Segment Start: INFORMATION PROVIDED

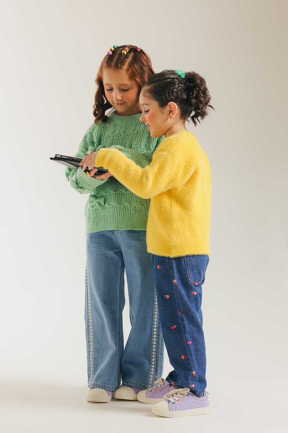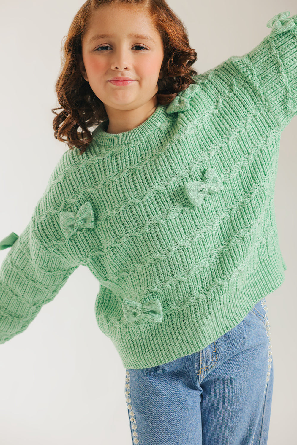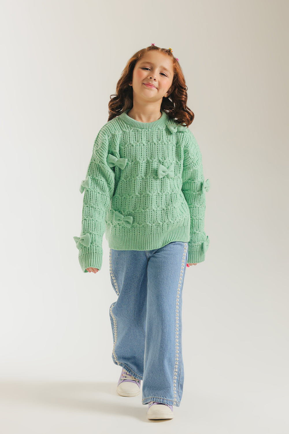 Embrace cozy chic with this delightful mint green sweater. The soft, chunky knit features a beautiful honeycomb texture and is playfully adorned with charming mint green bows along the sleeves and front. With its relaxed fit, crew neckline, and whimsical embellishments, this sweater is the perfect statement piece to layer over jeans for a warm and stylish look.
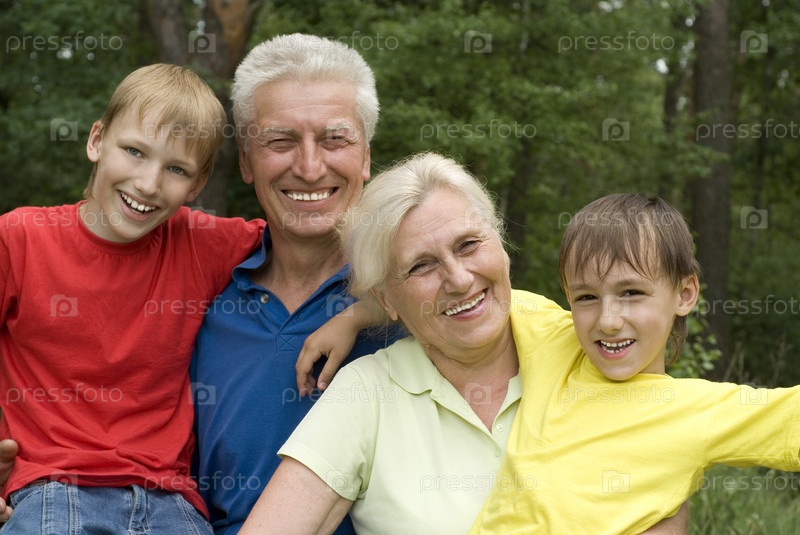 Пожилая пара со своими внуками на фоне зеленого леса
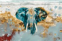 Deze prachtige digitale kunstwerk brengt een olifant tot leven in een explosie van kleuren en texturen. Het combineert elementen van abstract expressionisme en dynamische kunst, waarbij de olifant centraal staat te midden van spatten van blauw, goud en wit. Het schilderij straalt energie en vitaliteit uit, perfect voor moderne interieurs en kantoren. De golvende zee op de achtergrond voegt een gevoel van rust en eindeloosheid toe, wat een boeiende tegenstelling creëert met de levendige kleuren van de olifant. Dit kunstwerk is een eyecatcher die elke ruimte opfleurt en een gevoel van avontuur en natuur oproept.
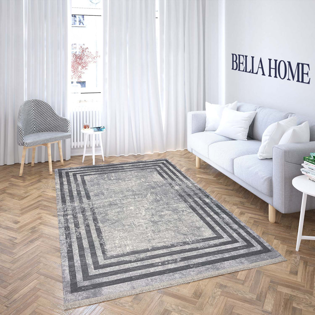 BRILLANT GREGOR Noir et Gris Tapis à franges lavable antidérapant et antibactérien
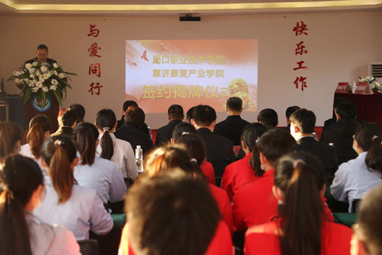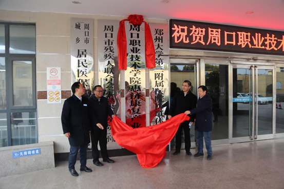 周口市副市长秦胜军,周口市政协副主席李应权,校党委书记刘士欣,周口惠济康复医院董事长、院长王希振共同为产业学院揭牌。
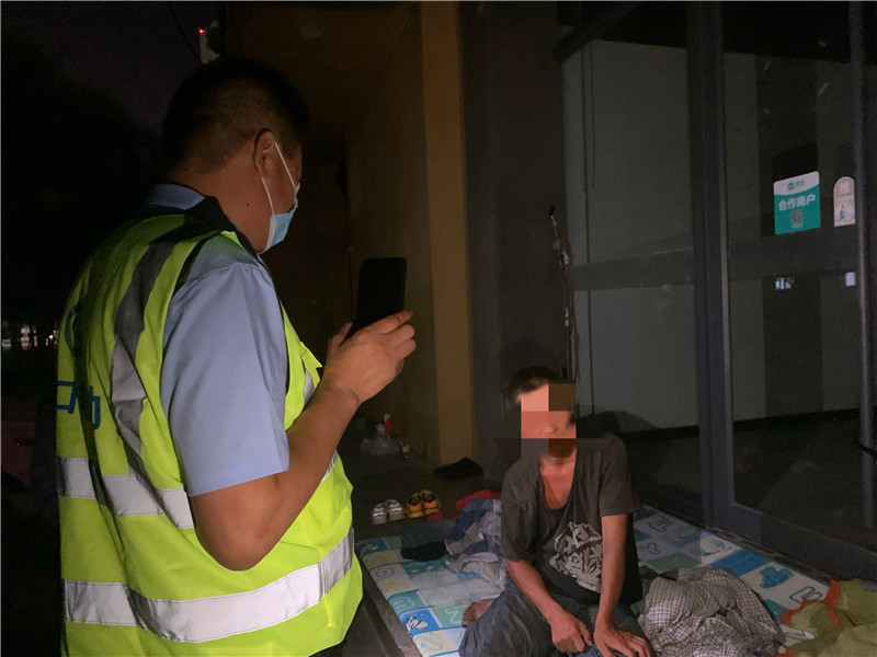 當日晚8時許,在市中心城區(qū),參與救助人員由市民政局出發(fā),對市區(qū)內(nèi)的五一文化廣場、中州大道大橋涵洞、周口公園等流浪乞討人員較為集中的場所進行巡查勸導,并在廣場、汽車站附近向來往市民發(fā)放求助宣傳單。救助人員巡查至中州大道與蓮花路交叉口西北角時,發(fā)現(xiàn)一間商鋪門口正躺著2個成年人和4個孩子?!澳銈兝洳焕??你們從哪兒來的?我們把你們送回家吧……”救助人員向流浪人員問道??粗@些未成年的孩子,救助人員將救助物資送給流浪人員并心疼地問道:“孩子們,你們想上學嗎?這個年齡正是上學的時候啊?!绷骼说暮⒆咏舆^救助人員手中的救助物資,低聲道謝。
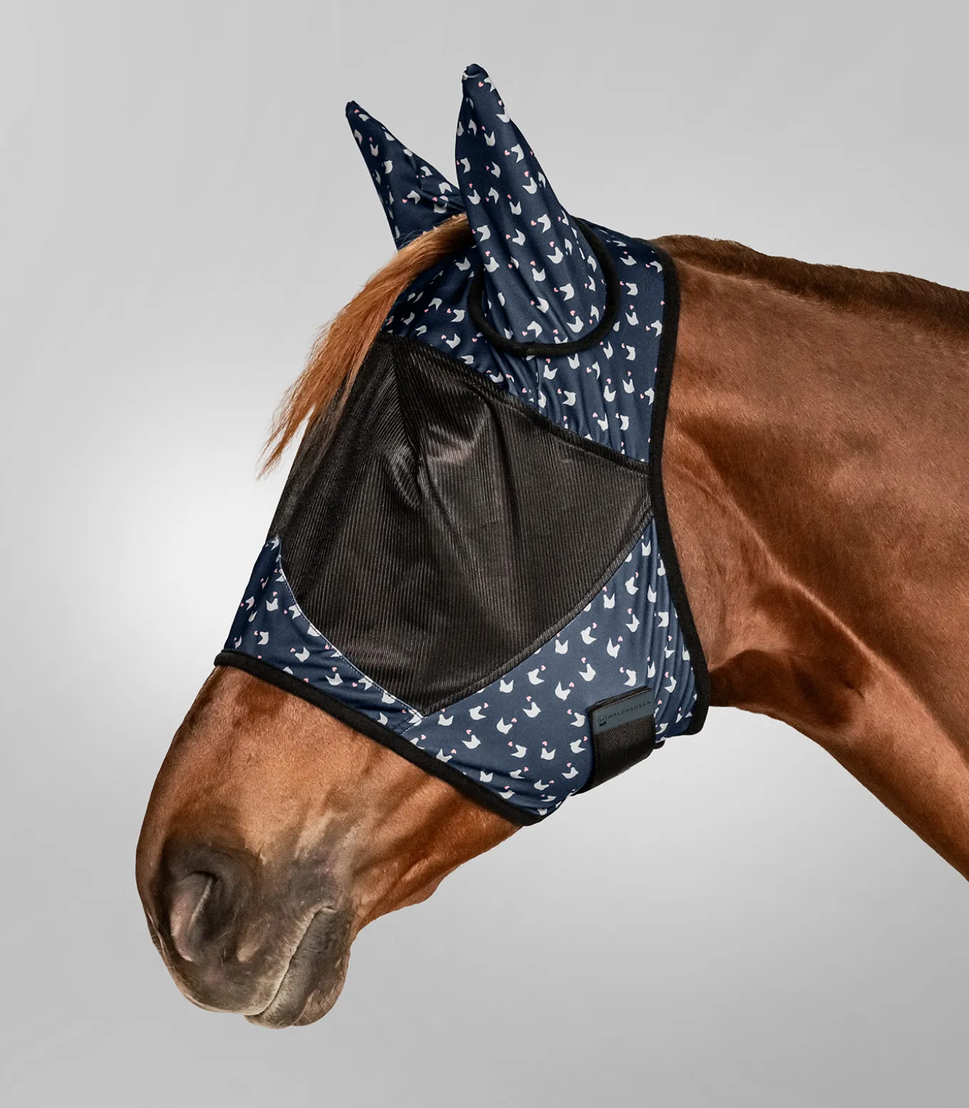 Idealer Schutz vor lästigen Insekten. Optimale Passform durch Elastikeinsätze und einem Klettverschluss. Mit süßem All-Over-Print und weicher Polsterung am Nasenband.
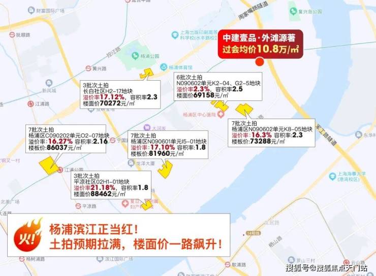 杨浦滨江多幅地块高溢价率拍出,溢价率最高的宅地达到约21.18%,楼板价高达约8.8万/㎡,售价达到约12.7万/㎡!
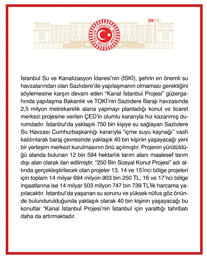 Yeniden Refah Partisi Genel Başkan Yardımcısı ve İstanbul Milletvekili Doğan Bekin, İstanbul’un en önemli su havzalarından biri olan Sazlıdere’de devam eden yapılaşmaya ilişkin Çevre, Şehircilik ve İklim Değişikliği Bakanı Murat Kurum’a yazılı soru önergesi sundu.
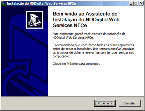 Execute o arquivo de instalação do Web Services NFC-e disponibilizado pela NDDigital. Você também pode fazer o download dos instaladores acessando o site da NDDigital, efetuando seu cadastro de usuário. Para isso, acesse http://ndd.com.br/.
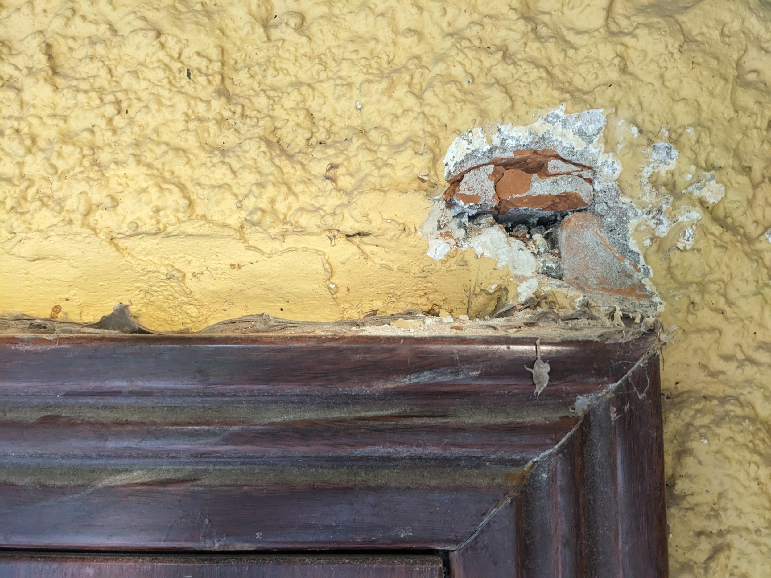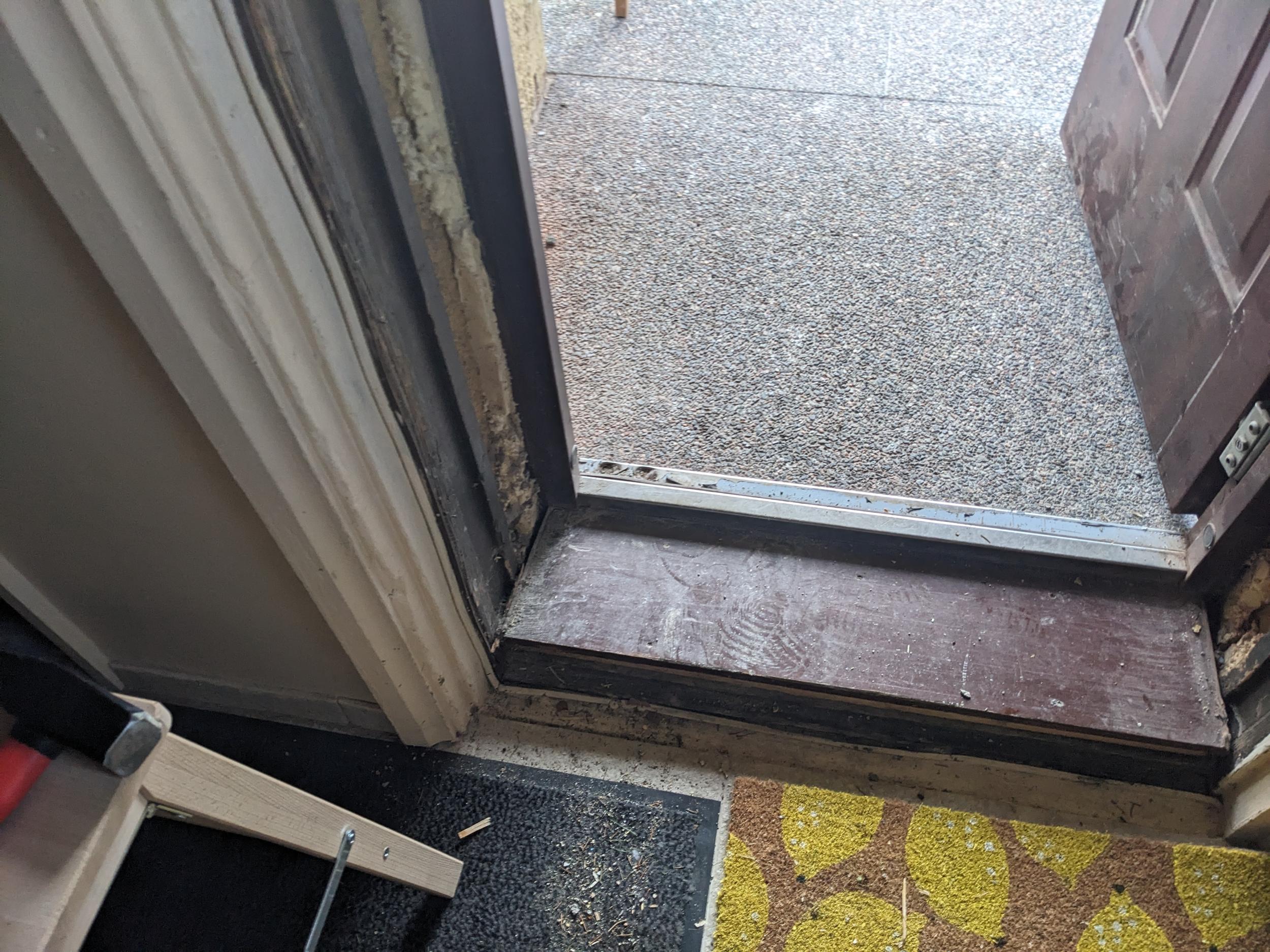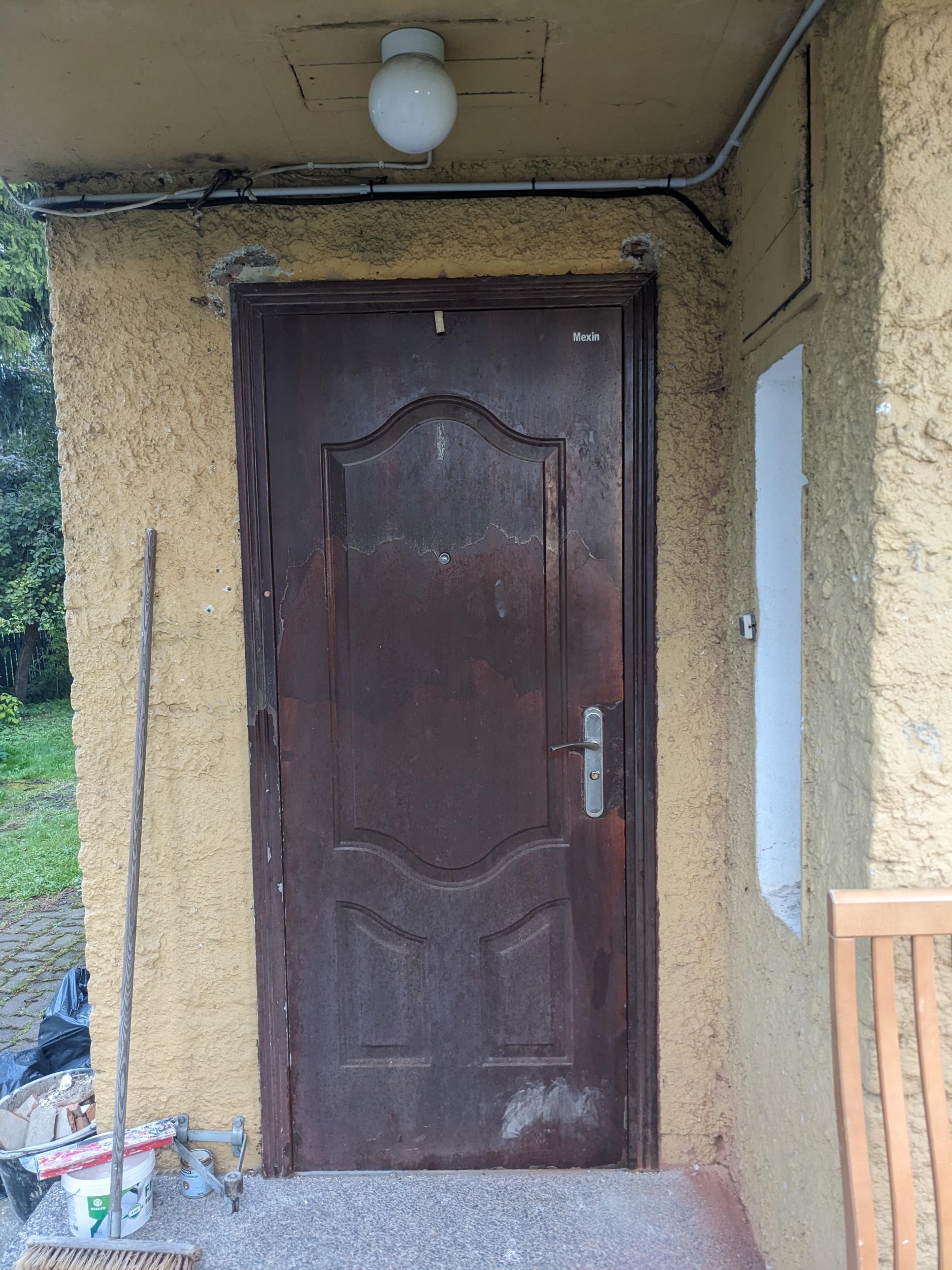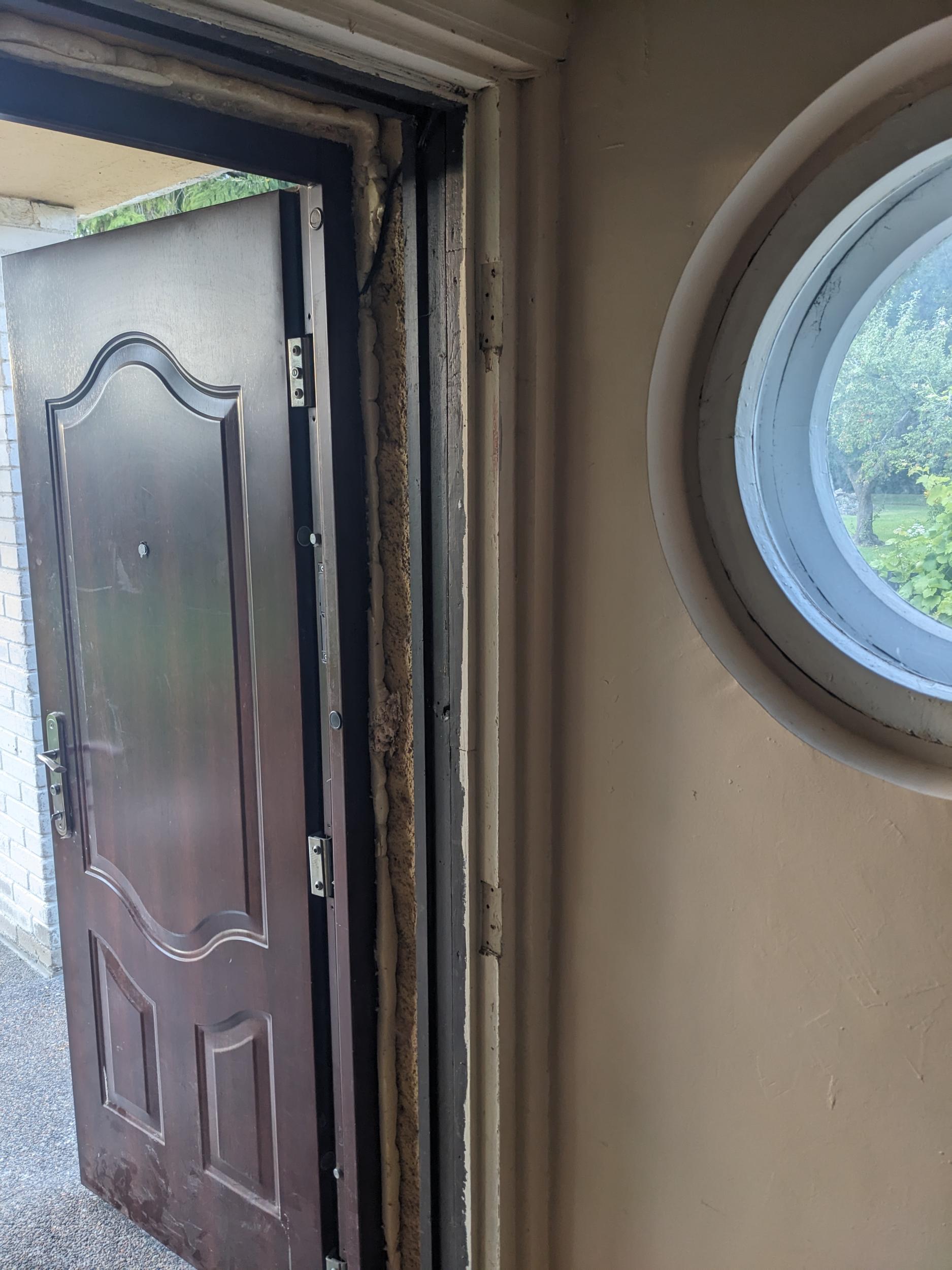 Olemasolev välisuks on vaja eest ära võtta ja ukseava vaja lõigata 970x2170mm suuruseks. Kuna ülemine lõige on pealpool sillust, siis on vaja ka toestada vinkli vms. Esik on väljast krohv, punane tellis, puitsõrestik, seespool krohv. Seina paksus antud kohas ~370mm

Segment End: INFORMATION PROVIDED

→ EXERCISE OBJECTIVE: Your reply should contain only an exact copy of the lines from the beginning of the material through the line with "當日晚8時許,在市中心城區(qū),參與", both ends included, with the pictures removed.

→ RESULT:
 Embrace cozy chic with this delightful mint green sweater. The soft, chunky knit features a beautiful honeycomb texture and is playfully adorned with charming mint green bows along the sleeves and front. With its relaxed fit, crew neckline, and whimsical embellishments, this sweater is the perfect statement piece to layer over jeans for a warm and stylish look.
 Пожилая пара со своими внуками на фоне зеленого леса
 Deze prachtige digitale kunstwerk brengt een olifant tot leven in een explosie van kleuren en texturen. Het combineert elementen van abstract expressionisme en dynamische kunst, waarbij de olifant centraal staat te midden van spatten van blauw, goud en wit. Het schilderij straalt energie en vitaliteit uit, perfect voor moderne interieurs en kantoren. De golvende zee op de achtergrond voegt een gevoel van rust en eindeloosheid toe, wat een boeiende tegenstelling creëert met de levendige kleuren van de olifant. Dit kunstwerk is een eyecatcher die elke ruimte opfleurt en een gevoel van avontuur en natuur oproept.
 BRILLANT GREGOR Noir et Gris Tapis à franges lavable antidérapant et antibactérien
 周口市副市长秦胜军,周口市政协副主席李应权,校党委书记刘士欣,周口惠济康复医院董事长、院长王希振共同为产业学院揭牌。
 當日晚8時許,在市中心城區(qū),參與救助人員由市民政局出發(fā),對市區(qū)內(nèi)的五一文化廣場、中州大道大橋涵洞、周口公園等流浪乞討人員較為集中的場所進行巡查勸導,并在廣場、汽車站附近向來往市民發(fā)放求助宣傳單。救助人員巡查至中州大道與蓮花路交叉口西北角時,發(fā)現(xiàn)一間商鋪門口正躺著2個成年人和4個孩子?!澳銈兝洳焕??你們從哪兒來的?我們把你們送回家吧……”救助人員向流浪人員問道??粗@些未成年的孩子,救助人員將救助物資送給流浪人員并心疼地問道:“孩子們,你們想上學嗎?這個年齡正是上學的時候啊?!绷骼说暮⒆咏舆^救助人員手中的救助物資,低聲道謝。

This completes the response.